High Score Management

Unit: HiScore

MD5-protected high score table with XML storage. Prevents cheating through cryptographic hash verification.

Overview

Manages top 10 high scores with:

  • MD5 hash verification to detect tampering

  • Salted hashing for per-game uniqueness

  • XML storage for human-readable format

  • Automatic sorting by score (descending)

  • Protection against manual file editing

Perfect for arcade-style games, leaderboards, and competitive play.

Basic Usage

Initialize and Load Scores

uses HiScore;

var
  HS: THighScore;
  PlayerScore: LongInt;
begin
  { Initialize with game-specific salt }
  InitHighScore(HS, 'MYGAME_SALT_V1');

  { Load existing scores (returns False if file doesn't exist) }
  LoadHighScore('SCORES.XML', HS);

  { Check if player's score qualifies }
  PlayerScore := 12000;
  if IsHighScore(HS, PlayerScore) then
    WriteLn('New high score!')
  else
    WriteLn('Better luck next time!');
end;

Save a New Score

var
  HS: THighScore;
  PlayerName: String;
  PlayerScore: LongInt;
begin
  InitHighScore(HS, 'MYGAME_SALT_V1');
  LoadHighScore('SCORES.XML', HS);

  PlayerName := 'Alice';
  PlayerScore := 15000;

  { Add score and save (auto-sorts and limits to top 10) }
  if SaveHighScore('SCORES.XML', PlayerName, PlayerScore, HS) then
    WriteLn('Score saved!')
  else
    WriteLn('Score did not make top 10');
end;

Display High Scores

var
  HS: THighScore;
  i: Integer;
begin
  InitHighScore(HS, 'MYGAME_SALT_V1');
  LoadHighScore('SCORES.XML', HS);

  WriteLn('TOP SCORES:');
  WriteLn('-----------');
  for i := 0 to HS.Count - 1 do
    WriteLn(i + 1:2, '. ', HS.Names[i]:20, ' ', HS.Scores[i]:8);
end;

API Reference

Types

THighScore

THighScore = record
  Names: array[0..MaxHighScores - 1] of String;
  Scores: array[0..MaxHighScores - 1] of LongInt;
  Count: Integer;  { Number of valid entries (0-10) }
  Salt: String;     { Salt for tamper protection }
end;

High score table with up to 10 entries.

Constants

MaxHighScores

const MaxHighScores = 10;

Maximum number of scores stored.

Functions

InitHighScore

procedure InitHighScore(var HS: THighScore; const SaltValue: String);

Initialize empty high score table with salt. MUST be called before LoadHighScore.
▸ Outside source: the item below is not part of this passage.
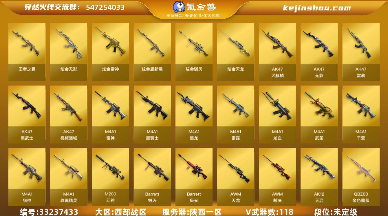 陕西一区-130V-5王者武器数-6炫金武器数 【热门武器】:QBZ03-金色蔷薇*2,Scar Light-白虎,M200-幻神,QBZ03-街机,M4A1-黑骑士,汤姆逊-烈龙*6,加特林-炼狱,斯泰尔-蝴蝶,USP-雷暴*3,沙鹰-修罗*5 【王者炫金武器】:王者之翼,炫金骑士,炫金无影,炫金雷神,炫金超新星,炫金毁灭,炫金天龙 【音效卡】:加特林-炼狱音效卡,AK47-火麒麟音效卡,M4A1-雷神音效卡,Barrett-毁灭音效卡,Scar Light-白虎音效卡,Barrett-碧霄极光音效卡,死神-雪域霜狐-怀旧音效卡,AWM-昌龙-怀旧音效卡 【皮肤】:幻神-周瑜皮肤,裁决-星际旅行 皮肤,烈龙-星空,雷神-暗月,雷神-能量核心,雷神-星空,雷神-虎将,毁灭耀金皮肤,毁灭-英雄计划 皮肤,黑龙-能量核心,无影耀金皮肤,战神-粉色甜心皮肤,战神-紫绶金章皮肤*3,AWM-天龙-传奇70KG,修罗-能量核心,屠龙-荣耀之锋*2,屠龙-定军扬威 皮肤*2,擎天-秘银,麒麟刺-萌杀皮肤 【角色】:葵,樱,魅影,炫,春,晴雅,零·纪元,战地猎狐,不败狙神,王者之瞳,王者-救世主,王者-迷迭香,乔伊教练,修道士,空,暗夜-X,初恋灵狐,风暴女,娟娟,兰妹妹,灵狐者-黄金海岸,潘多拉-X,潘多拉-甜心教官,斯沃特-X,影武者-X,团团 【...
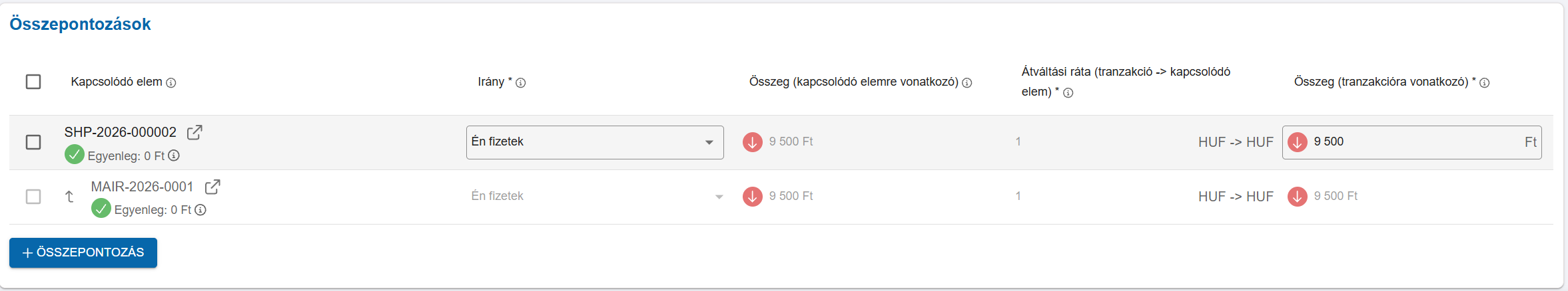 - Ügyletekből tranzakció létrehozás, tömeges fizetettre állítás

  • HS: High score record to initialize

  • SaltValue: Unique salt string (prevents cross-game tampering)

LoadHighScore

function LoadHighScore(const FileName: String; var HS: THighScore): Boolean;

Load scores from XML file with hash verification.

  • Returns True if loaded and hash verified

  • Returns False if file missing, corrupt, or tampered

  • On failure, HS is reset to empty (Count = 0)
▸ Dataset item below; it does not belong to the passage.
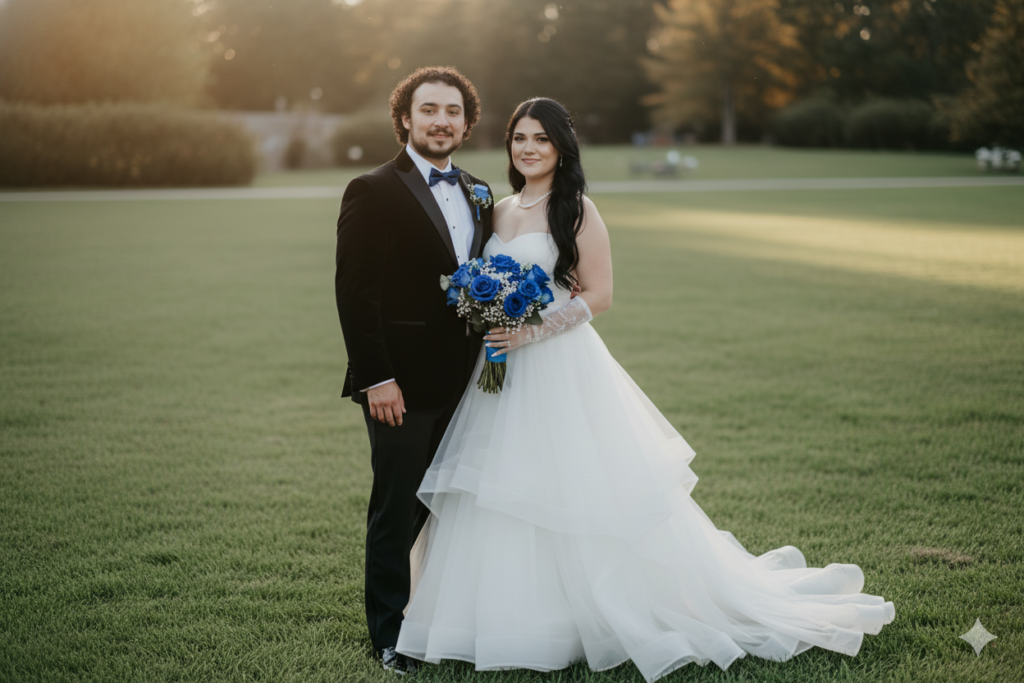 ・女性主角:身穿長款無肩帶白色婚紗禮服,裙擺蓬鬆並帶有薄紗層次,搭配白色手套與珍珠飾品,黑色長髮呈現柔和波浪造型,手中拿著一束藍色玫瑰
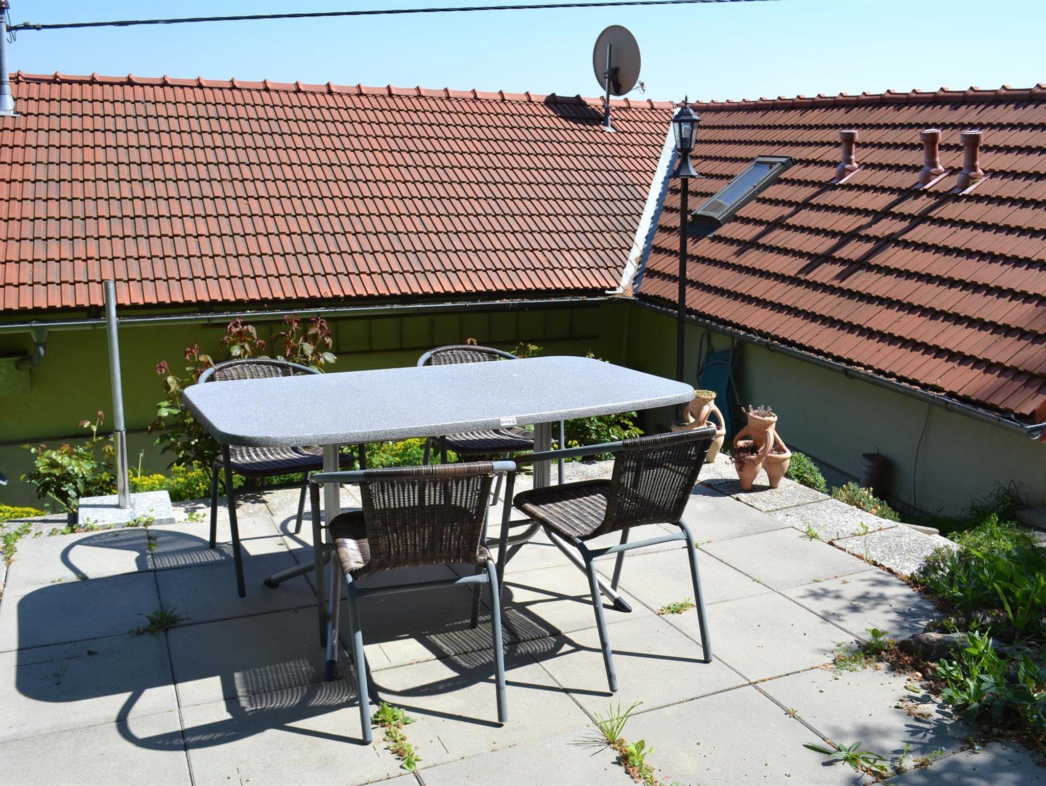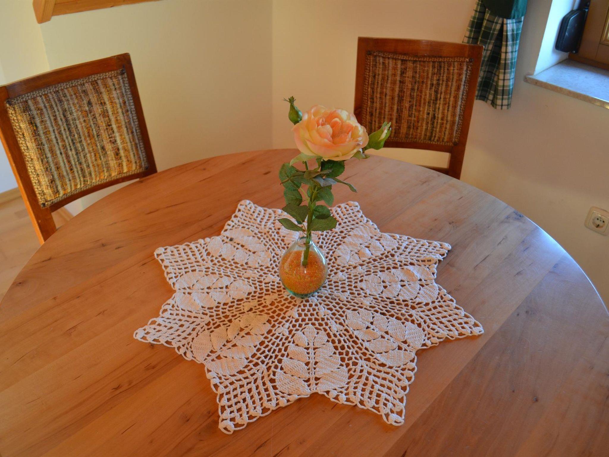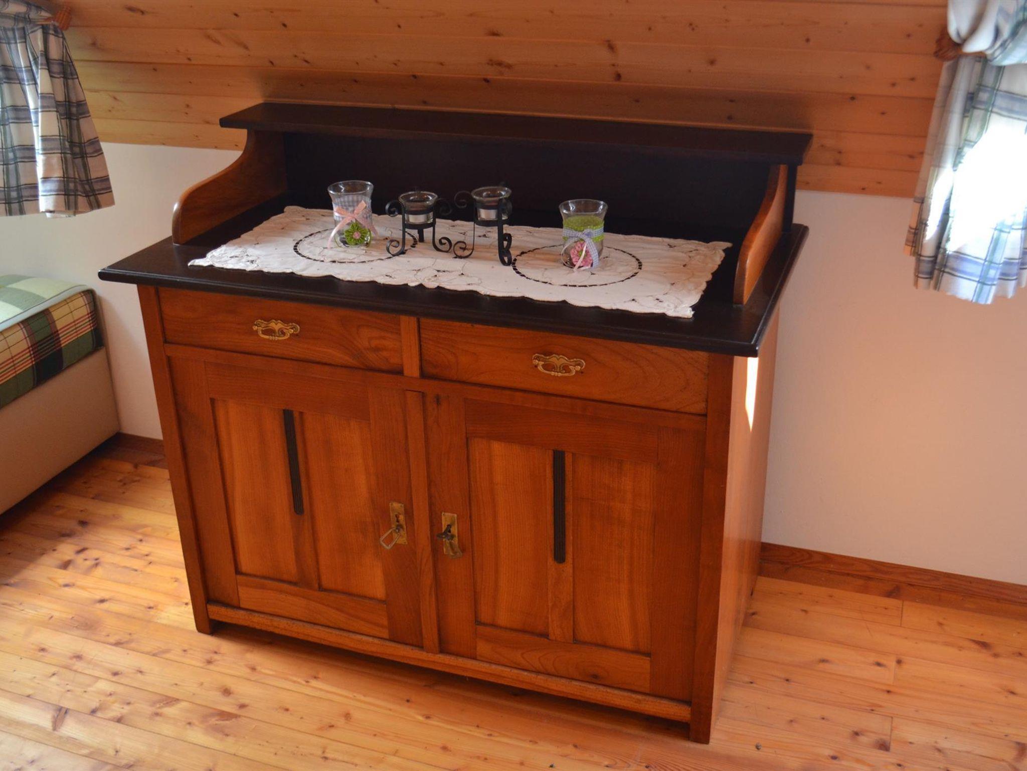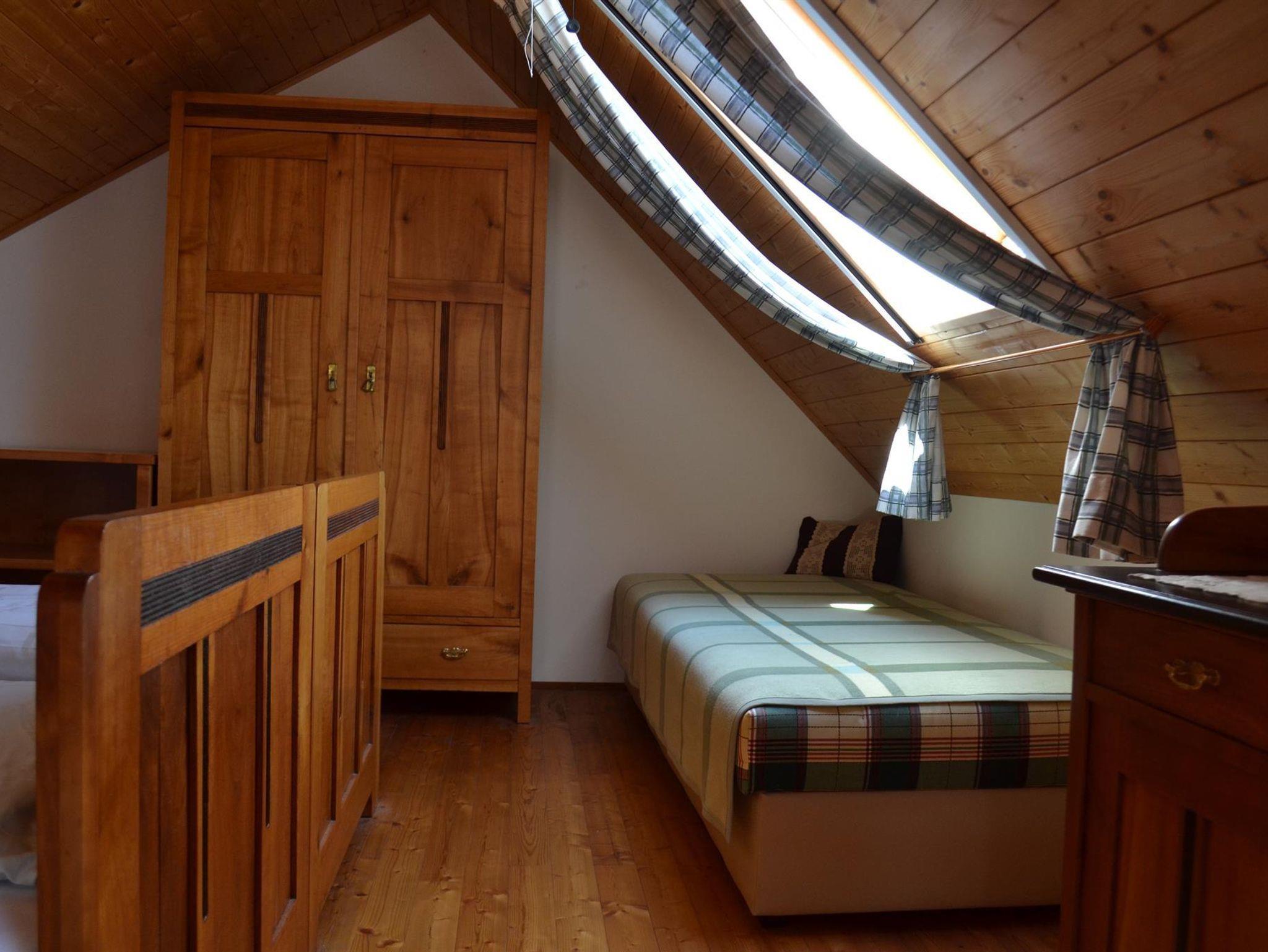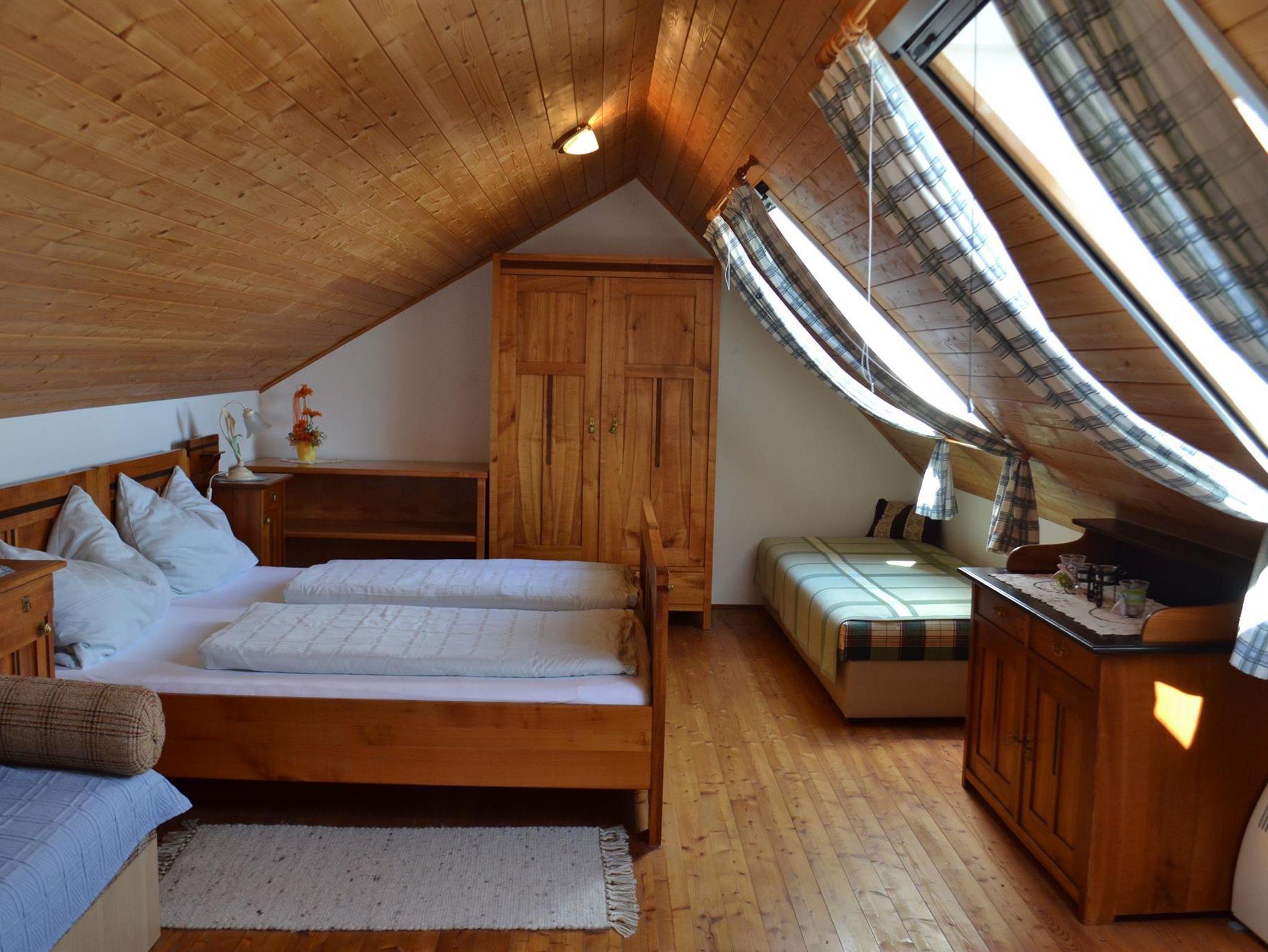 Über einen eigenen Eingang gelangt man ins Dachgeschoss des Kellerstöckls, wo eine behagliche Ferienwohnung mit ca. 40 m² Wohnfläche eingerichtet wurde. Diese verfügt über einen gemütlichen Wohnraum mit einer Kochecke. Ein Schlafzimmer ist mit einem Doppelbett und zwei Zustellbetten für Kinder, sowie mit schönen, antiken Möbeln eingerichtet. Ein Badezimmer mit Dusche und einem separaten WC rundet alles ab. Ein TV-Gerät steht zur Verfügung. Hinter dem Haus lädt eine Gartengarnitur und Liegestühle zum gemütlichen Beisammensein ein. Ein überdachter PKW-Abstellplatz befindet sich direkt neben dem Haus.

  • IMPORTANT: Call InitHighScore first to set the salt

SaveHighScore

function SaveHighScore(const FileName: String; const Name: String;
                       Score: LongInt; var HS: THighScore): Boolean;

Add new score and save to file (if it qualifies for top 10).

  • Automatically sorts by score (descending)

  • Limits to 10 entries (lowest score bumped if full)

  • Returns True if score was added

  • Returns False if score too low or error saving

IsHighScore

function IsHighScore(const HS: THighScore; Score: LongInt): Boolean;

Check if a score qualifies for top 10 (without modifying table).

  • Returns True if table not full OR score beats lowest score

  • Returns False if table full and score too low

ComputeHighScoreHash

function ComputeHighScoreHash(const HS: THighScore): String;

Compute MD5 hash of all scores (for verification). Normally called internally.

  • Returns 32-character hex string

  • Hash includes: salt + all names + all scores

  • Uses incremental MD5 to avoid 255-char String limit

Complete Example

Game with High Scores

program MyGame;

uses
  HiScore, Keyboard;

const
  GameSalt = 'MYGAME_V1';
  ScoreFile = 'SCORES.XML';

var
  HS: THighScore;
  PlayerName: String;
  PlayerScore: LongInt;
  i: Integer;

procedure ShowHighScores;
var
  j: Integer;
begin
  WriteLn;
  WriteLn('===== HIGH SCORES =====');
  for j := 0 to HS.Count - 1 do
    WriteLn(j + 1:2, '. ', HS.Names[j]:20, ' ', HS.Scores[j]:8);
  WriteLn('=======================');
  WriteLn;
end;

begin
  { Initialize and load existing scores }
  InitHighScore(HS, GameSalt);
  LoadHighScore(ScoreFile, HS);

  { Simulate gameplay }
  PlayerName := 'Alice';
  PlayerScore := 15000;

  WriteLn('Game Over!');
  WriteLn('Your score: ', PlayerScore);
  WriteLn;

  { Check if high score }
  if IsHighScore(HS, PlayerScore) then
  begin
    WriteLn('NEW HIGH SCORE!');
    WriteLn;
    Write('Enter your name: ');
    ReadLn(PlayerName);

    { Save to table }
    if SaveHighScore(ScoreFile, PlayerName, PlayerScore, HS) then
      WriteLn('Score saved!')
    else
      WriteLn('Error saving score!');
  end
  else
    WriteLn('Not a high score this time.');

  { Display final table }
  ShowHighScores;
end.

XML Format

Scores are stored in XML with MD5 hash attribute:

<?xml version="1.0"?>
<highscores hash="a3f8b9c2d1e4f5a6b7c8d9e0f1a2b3c4">
  <highscore name="Alice" score="15000"/>
  <highscore name="Bob" score="12000"/>
  <highscore name="Charlie" score="10000"/>
</highscores>

The hash attribute contains an MD5 checksum of:

Salt + Name[0] + Score[0] + Name[1] + Score[1] + ...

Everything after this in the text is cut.